Hey, it's Phil back on for Amit. Just on that kinda last point, I was hoping, Raj, maybe you could touch a little bit more on any kind of guideposts or key parameters you're thinking about when you make the breakeven comment. I know there were some milestone-based achievements for those remaining tranches in the Oaktree deal that you guys announced. Just anything that you'd like to comment there about what you're looking for or what levels you'd like to get to just to make that breakeven comment would be helpful. Thanks.

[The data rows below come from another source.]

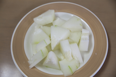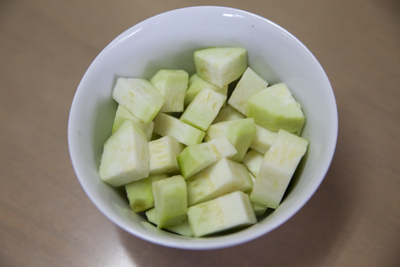 見た目は冬瓜に似ていますが、こちらは青臭さがあります。
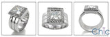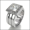 A ravishing engagement ring with high polished solid shank, and AAA high quality cubic zirconia princess cut center stone set in bezel, and with high quality cubic zirconias around the center stone.
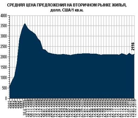 Средняя стоимость вторичного жилья составила $2116 за 1 кв.м. (повышение к предыдущему периоду - 1,34%), что свидетельствует об оживлении рынка после праздничного периода (см. График 1. ).
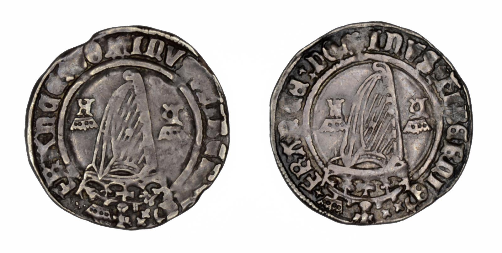 Ireland, Henry VIII, two silver groats, first harp issue (1534-40), mm. crown, initials HK (Henry and Katherine Howard) (S 6474). One better than very fine, the other about very fine. [2]
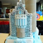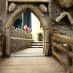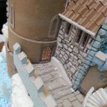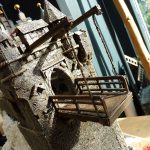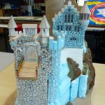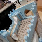 Eerder had ik al een kasteel gemaakt, waarbij ik een huisje overhield. Deze heb ik als basis gebruikt om verder op te bouwen. De berg en de kasteelmuren bestaan uit foam. Het stenen patroon op de muren is getekend met potlood waarna de groeven dieper zijn gemaakt.
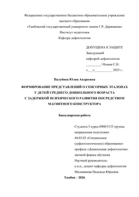 ПАЛУБИНА, ЮЛИЯ АНДРЕЕВНА. ФОРМИРОВАНИЕ ПРЕДСТАВЛЕНИЙ О СЕНСОРНЫХ ЭТАЛОНАХ У ДЕТЕЙ СРЕДНЕГО ДОШКОЛЬНОГО ВОЗРАСТА С ЗАДЕРЖКОЙ ПСИХИЧЕСКОГО РАЗВИТИЯ ПОСРЕДСТВОМ МАГНИТНОГО КОНСТРУКТОРА [Электронный ресурс]: бакалаврская работа: 44.03.03 Специальное (дефектологическое) образование: Дошкольная дефектология: Заочная форма обучения / Ю. А. ПАЛУБИНА; ТГУ им. Г. Р. Державина ; науч. рук. к. п. н, доцент, Н. Ю. Милованова. — Электрон. текстовые дан. (1 файл). — Тамбов, 2025. — Загл. с титул. экрана. — <URL:https://elibrary.tsutmb.ru/dl/docs/vkr18733.pdf>.
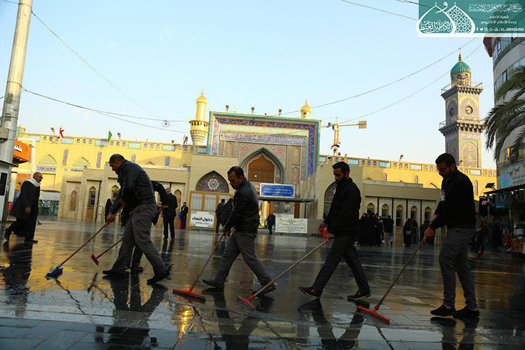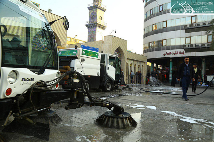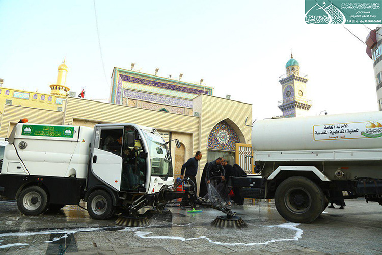 لأجل توفير الخدمات اللازمة للزائرين الكرام والحفاظ على مظهر ورونق وجمالية شوارع مدينة الكاظمية المقدسة وخلق بيئة صحية، وبتوجيه من قبل الأمانة العامة للعتبة الكاظمية المقدسة متمثلة بأمينها العام الأستاذ الدكتور حيدر حسن الشمّري وحرصه على إظهار مدينة الكاظمية المقدسة بكلّ ما يُليق بمكانتها الحضارية والدينية، أطلقت ملاكات شعبة النظافة في العتبة المقدسة حملة التنظيف الأسبوعية لشارعي باب القبلة و باب المراد والمنطقة المحيطة بالصحن الكاظمي الشريف ، حيث شملت تلك الجهود أعمال عدّة منها رفع أكداس النفايات وتفريغها في الحاويات المخصصة فضلاً عن غسل الطرق والشوارع المؤدية للحرم الكاظمي الشريف ويتم ذلك من خلال التعاون والتنسيق مع قسم الآليات في العتبة المقدسة لتوفير العجلات الخدمية والحوضية.
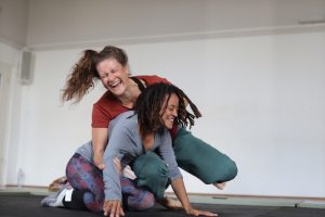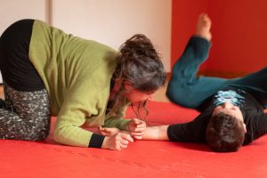 Avec le Playfight de Matteo Tangi, nous ouvrons un espace à la fois pour rencontrer notre puissance intérieure et pour écouter nos émotions, exprimer nos limites, exercer notre consentement :  l’intention est de se connecter à notre corps, à notre force et à notre élan, tout en restant en lien avec le partenaire qui playfighte avec nous.
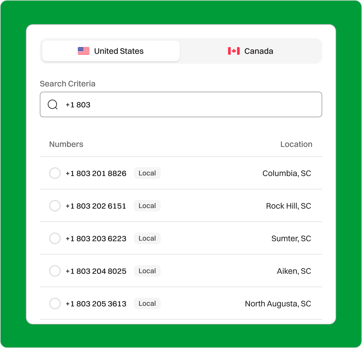 Expand Your Reach with an 803 Area Code Virtual Number in South Carolina! Looking to establish a strong foothold in central South Carolina? An 803 area code phone number connects you with customers in major cities like Columbia, Rock Hill, Sumter, and Aiken, enhancing your local presence and building trust with your target audience. Sign upRequest a Demo Endorsed by top industry leaders Trusted by industry experts for excellence and innovation. What is area code 803? Area code 803 is located in the central region of South Carolina, covering major cities like Columbia, Rock Hill, and Lexington and surrounding counties, including Richland, Lexington, York, and Aiken. Area code 803 was the original 86 area code created by AT&T and the Bell System in 1947, serving the entire state of South Carolina. Area code 803 was split in 1995, making the need to update some of the phone numbers to the 864 area code. However, due to telephone service growth, the coastal area was assigned a separate code (843) in 1998. In 2020, area code 839 was implemented as an overlay to accommodate the continued rise in phone numbers, especially in Columbia and the surrounding suburbs. This overlay made ten-digit dialing mandatory in the 803/839 region. The prefix 803 follows the Eastern timezone, which is known as Eastern Standard Time (EST) or Eastern Daylight Time (EDT), depending on the season. You can also find some nearby area codes in this region, including 423 (Chattanooga, TN), 472/910 (Fayetteville, NC), 478 (Macon, GA), 704/980 (Charlotte, NC), 706/762 (Augusta, GA), 803/839 (Columbia, SC), 828 (Asheville, NC), 843/854 (Charleston, SC), 864 (Greenville, SC), 912 (Savannah, GA). Country USA State South Carolina Major City Columbia Time Zone Eastern Time Zone(ET) Telephone Number Format +1 (803)-XXX-XXXX Example of 803 phone number +1 (803)-718-4567 Zip Code 29801-29745 How to get an 803 Area Code Phone Number? You can purchase an 803 area code phone number from a VoIP service provider like Dialaxy. You can follow these steps. Sign up on the official Dialaxy website or mobile app. Log in to your account and navigate to the dashboard. Select “My Number” from the “Portal” menu. Click on “Buy Number.” Choose the US as your country and select the 803 area code from the list. Complete the payment and submit any required documents. How does an 803 Area Code Business Phone Number work? An 803 area code business phone number works just like any other US-based phone number. Callers can reach the number by dialing the full 10-digit number, including the area code. For example, to reach a business in Columbia, a caller might dial +1-803-718-1234, where +1 is the country code for the US, and 803 routes the call to central South Carolina. Dialaxy’s basic plan starts at just $20/user/month, making it affordable even for small businesses. Who’s doing business in the 803 Area code? Columbia, the state capital, is the largest city in the 803 area code. Richland and Lexington are the major counties in the region. South Carolina’s economy reached $300 billion in 2024, with an average annual growth rate of 1.8%. Businesses employed over 2 million people in the state, with key industries such as healthcare, manufacturing, and education driving economic growth. Prominent employers in the 803 area code include: Prisma Health BlueCross BlueShield of South Carolina University of South Carolina Michelin North America Dominion Energy Why Does Your Business Need an 803 Area Code Number? Establish a Local Presence An 803 area code phone number gives your business a local identity, allowing you to connect authentically with customers in Columbia, Rock Hill, and surrounding areas. Boost Customer Engagement Local phone numbers help bridge the gap between your business and its customers. Customers are more likely to pick up the phone or respond to inquiries when they see a familiar area code. Advanced Features Dialaxy offers a range of advanced features to make your business communications more efficient. With call forwarding, you can ensure that no call goes unanswered, while voicemail-to-email ensures you never miss a message. Professional Image A local 803 area code number boosts your business's professionalism and adds credibility in the eyes of your customers. Having a local presence signals to customers that you’re an established entity in the community, fostering greater trust and confidence. It helps your business stand out as reliable, approachable, and trustworthy. No Extra Hardware Needed Dialaxy’s VoIP solutions allow you to use your existing devices, whether it’s a smartphone, tablet, or desktop, to manage your 803 area code number. Expand Regional Reach With an 803 area code, you can tap into the growing population and economic opportunities in South Carolina, whether you're targeting local residents or businesses. Enjoy 100+ Dialaxy’s features with local phone number Call, SMS, & Contact in one easy to use app. Phone Numbers Global Calling SMS Voicemail Number Sharing Contacts All Features Phone Numbers Expand your reach with Virtual Phone Numbers International Numbers: Establish a local presence of your business with our international phone numbers . Toll Free Numbers: Elevate your sales strategy and drive business growth with Toll Free Numbers. Multiple Phone Numbers: Use multiple phone numbers in one single dashboard. Explore our apps Global Calling Connect globally with effortless calls Extended Reach: Enables businesses to expand their market by reaching international customers. Flexibility: Allows employees to make international calls from anywhere. Seamless Communication: Ensures clear and reliable communication with international contacts. Learn More SMS Enhance communication with SMS capabilities A2P 10DLC: Register your number in A2P 10DLC to send sms within US and Canada. Schedule SMS: Schedule SMS as per your customer timezone so they don’t miss an update. Personalised Messaging: Persona
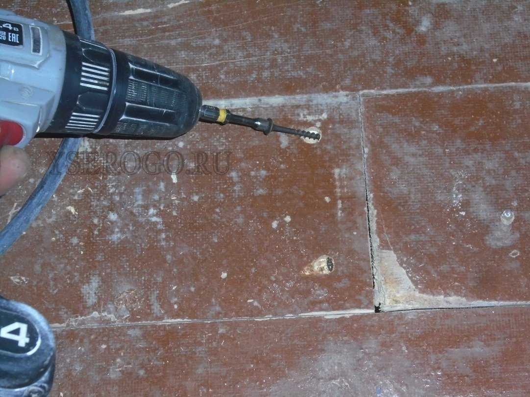- Возьмите дрель, замените сверло. Включите ее в розетку и просверлите в полу дыры. Сделайте отверстия только в тех местах, где пол начинает скрипеть.
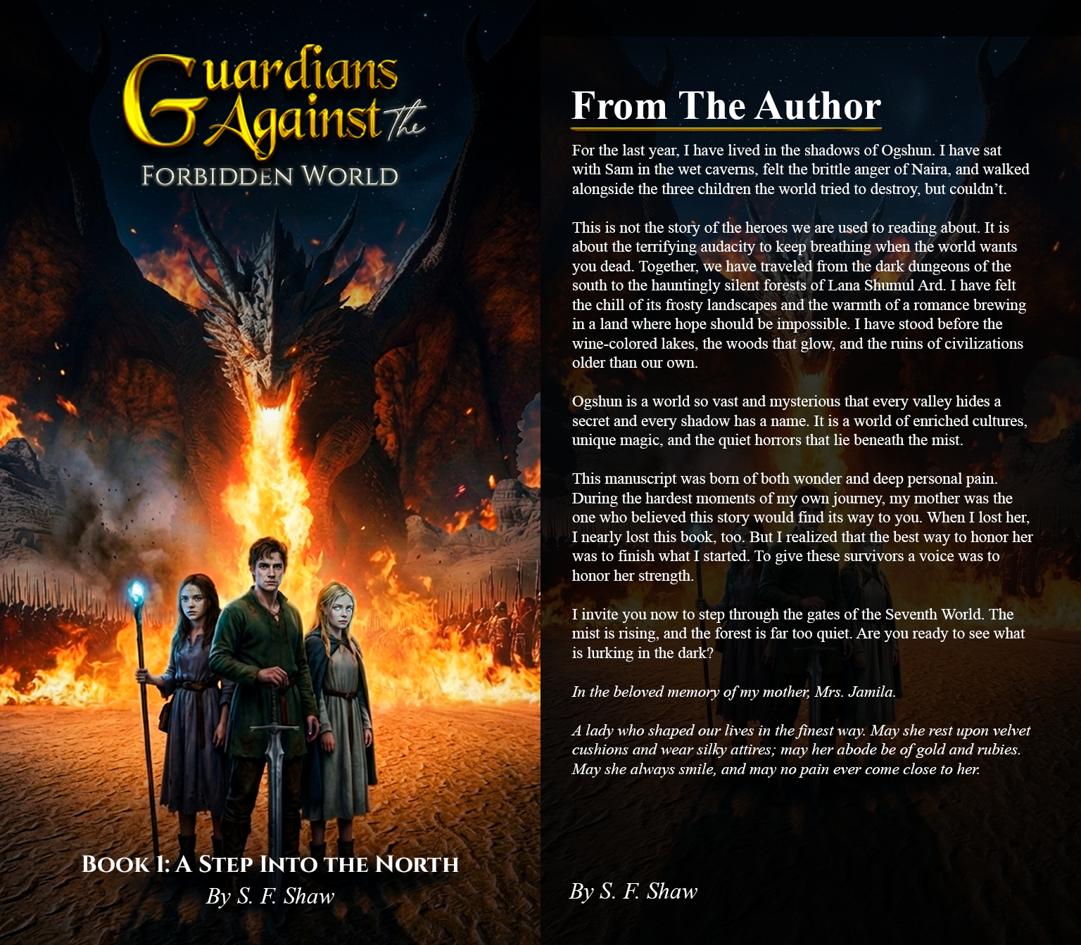 A Step into the Dark North is the first book in the Guardians Against the Forbidden World series. It follows three children who escape from hostilities and venture into the mysterious northern lands filled with mythical creatures, ancient secrets, and powerful emotional challenges.
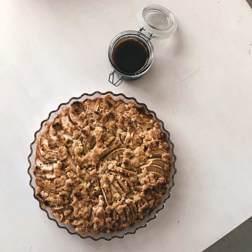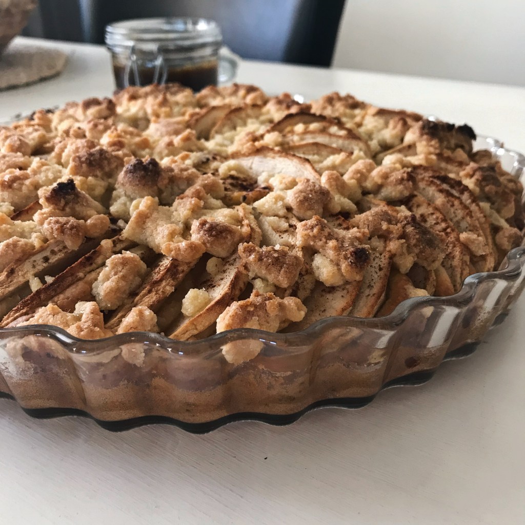 Omenat ovat nyt satokauden sesongissa ja niitä saa kaupasta todella edulliseen hintaan. En ole koskaan ollut omenapiirakan ystävä mutta Bake with Anna Olson -ohjelma tempaisi mukaan. Tässä omenapiirakassa yhdistyy useampi elementti. Pullan makuinen taikina, makeat omenat, kaneli ja murutaikina tekevät piirakasta herkullisen. Omenapiirakan kylkeen sopii vaniljajäätelö tai suolainen kinuskikastike.
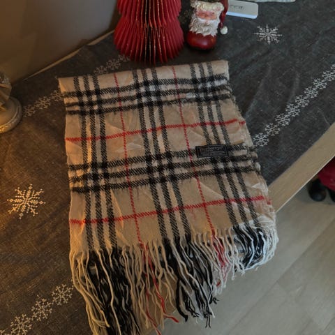 Pent Burberry skjerf i ull selges. Oppdaget dessverre et par små hull i det, men de synes ikke ved bruk.
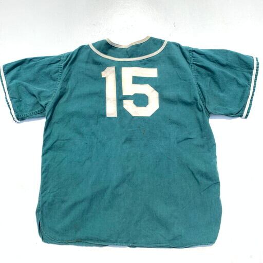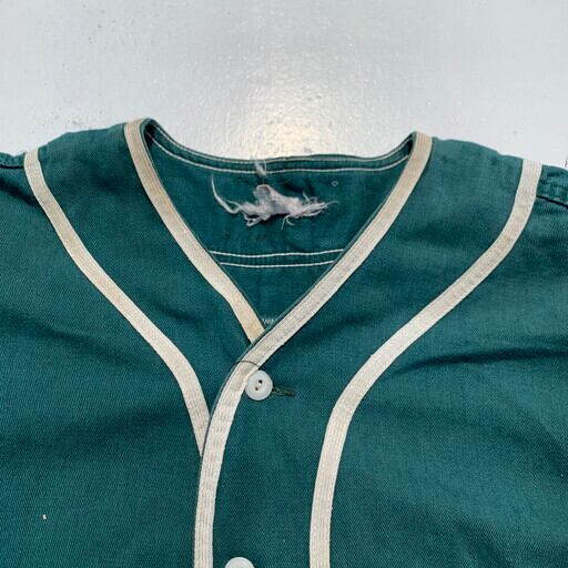 50's 60's UNISPORT コットンベースボールシャツ フォレストグリーン UNIVERSAL SPORTS CORPORATION L位 ナンバリング 15 希少 ヴィンテージ BA-940 RM1309H
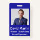Customise your employee's Photo ID badges. All details can be modified or removed. Photo, name, company, department/division. Crisp white text on royal blue background. Every detail can be customised, including colours and fonts. Spot for barcode on reverse of badge, if needed. If not, can be deleted.
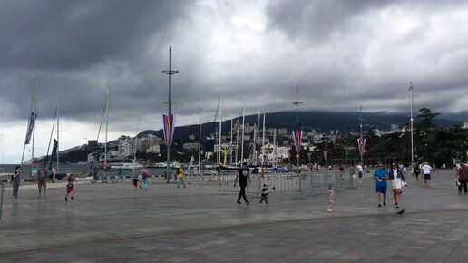 Пасмурно. Накрапывает дождь. Ялта за два дня до разрушительных проливных дождей и схода селей.
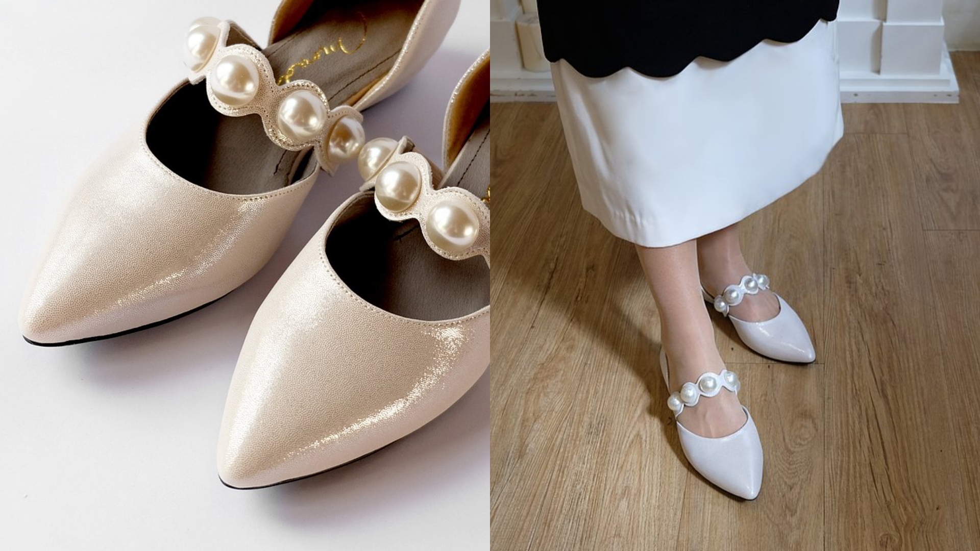 除了樂福鞋與高跟鞋,珍珠元素也與休閒的穆勒鞋非常搭,來自 Grace Gift 的這雙低跟鞋,不僅舒適好走也方便穿脫,復古的方頭造型與優雅的珍珠飾鍊,無論搭配褲裝或裙裝皆非常好看,一雙穿出率性風格。
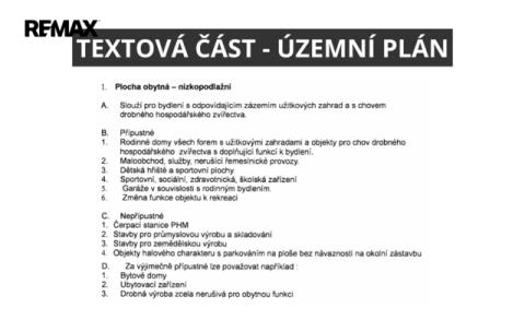 Kompletní informace o využitelnosti území naleznete v textové části územního plánu, který je součástí této inzerce.
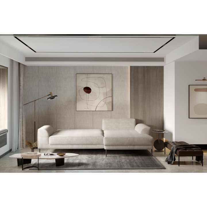 The Capitol corner sofa from Versailles is a proposal for those looking for a piece of furniture with a distinctive form, which will find its way well into modern, subdued interiors. Black metal legs with a height of 17 cm give it lightness and emphasise its contemporary character. The carefully designed proportions make the furniture a strong accent in the living area.
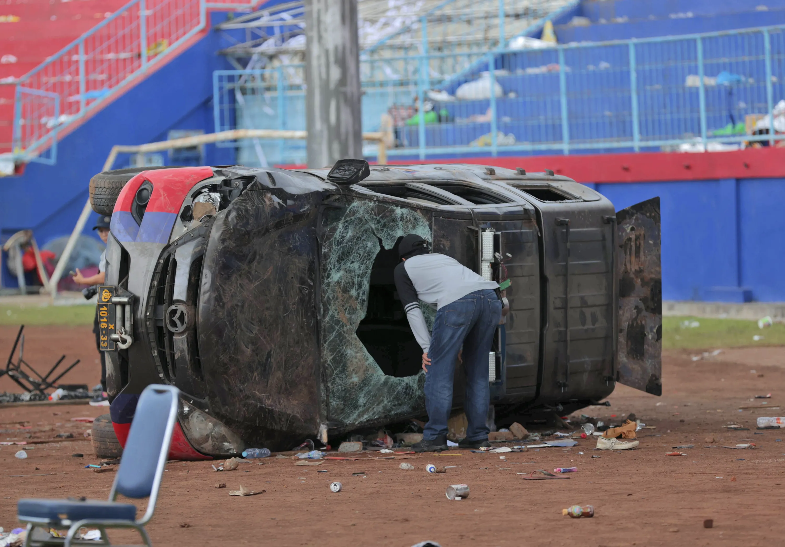 A plain-clothed police officer inspects a police car wrecked in soccer riots at Kanjuruhan Stadium in Malang, East Java, Indonesia, Sunday, October 2, 2022. Panic at an Indonesian soccer match Saturday left a number of people dead, most of whom were trampled to death after police fired tear gas to dispel the riots. (Photo by Trisnadi/AP Photo)
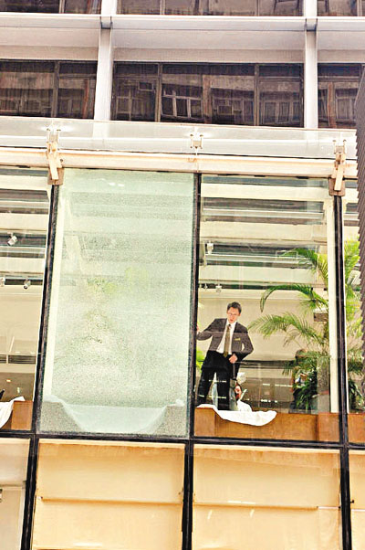酒店大玻璃龜裂封路 (圖)

Yeah, no, it's a fair question, Phil, and I will tell you that, you know, the. You know, we're not yet ready to provide that level of detail in terms of kind of longer term targets for us. When we look at things like the construction of our new facility, the launch into the United States, the launch of MIA, China, you know, what we're doing in aesthetic breast recon, and all the growth initiatives we have out in front of us, and we lay that against what we believe we need to spend against those, and then the capital which the Oaktree financing has given us, we believe there is, you know, more than sufficient room to get to a breakeven point and actually start being cash flow positive with what we currently have.
Again, I realize that doesn't give you the kind of detail you're probably looking for, but we feel very comfortable with where we are that we can get to cash flow breakeven.
No, it's helpful. Thanks. Thanks for taking the follow-up, Raj.
Okay. Thank you. There are no further questions at this time. I would like to turn the call back over to Juan José for any closing comments.
Thank you for joining us on today's call. We look forward to providing our next quarterly update in August, and we wish everyone continued good health.
This does conclude today's teleconference. We appreciate your participation. You may disconnect your lines at this time. Enjoy the rest of your day.